• [What this task involves] Both the line containing "当用户使用 Nucleon 进行质押时,用户会以" and the line containing "為培育澳門青年投身建築與工程" belong to the span. Output exactly that span from the listing below, and nothing outside it.

• [Supplied information]
.....
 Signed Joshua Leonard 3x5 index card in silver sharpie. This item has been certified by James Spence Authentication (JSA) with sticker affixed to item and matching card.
.....
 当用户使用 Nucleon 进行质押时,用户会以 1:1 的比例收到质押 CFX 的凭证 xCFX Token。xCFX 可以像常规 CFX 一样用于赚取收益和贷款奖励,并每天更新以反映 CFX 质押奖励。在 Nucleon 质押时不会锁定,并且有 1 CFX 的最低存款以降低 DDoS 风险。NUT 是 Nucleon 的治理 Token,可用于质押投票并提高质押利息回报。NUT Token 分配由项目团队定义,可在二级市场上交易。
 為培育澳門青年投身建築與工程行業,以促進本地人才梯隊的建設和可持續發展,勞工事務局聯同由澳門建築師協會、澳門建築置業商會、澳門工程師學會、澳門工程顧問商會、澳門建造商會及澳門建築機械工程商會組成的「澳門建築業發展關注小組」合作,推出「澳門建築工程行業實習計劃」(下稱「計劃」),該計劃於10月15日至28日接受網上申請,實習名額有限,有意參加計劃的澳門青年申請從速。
.....
• [Answer area]
 当用户使用 Nucleon 进行质押时,用户会以 1:1 的比例收到质押 CFX 的凭证 xCFX Token。xCFX 可以像常规 CFX 一样用于赚取收益和贷款奖励,并每天更新以反映 CFX 质押奖励。在 Nucleon 质押时不会锁定,并且有 1 CFX 的最低存款以降低 DDoS 风险。NUT 是 Nucleon 的治理 Token,可用于质押投票并提高质押利息回报。NUT Token 分配由项目团队定义,可在二级市场上交易。
 為培育澳門青年投身建築與工程行業,以促進本地人才梯隊的建設和可持續發展,勞工事務局聯同由澳門建築師協會、澳門建築置業商會、澳門工程師學會、澳門工程顧問商會、澳門建造商會及澳門建築機械工程商會組成的「澳門建築業發展關注小組」合作,推出「澳門建築工程行業實習計劃」(下稱「計劃」),該計劃於10月15日至28日接受網上申請,實習名額有限,有意參加計劃的澳門青年申請從速。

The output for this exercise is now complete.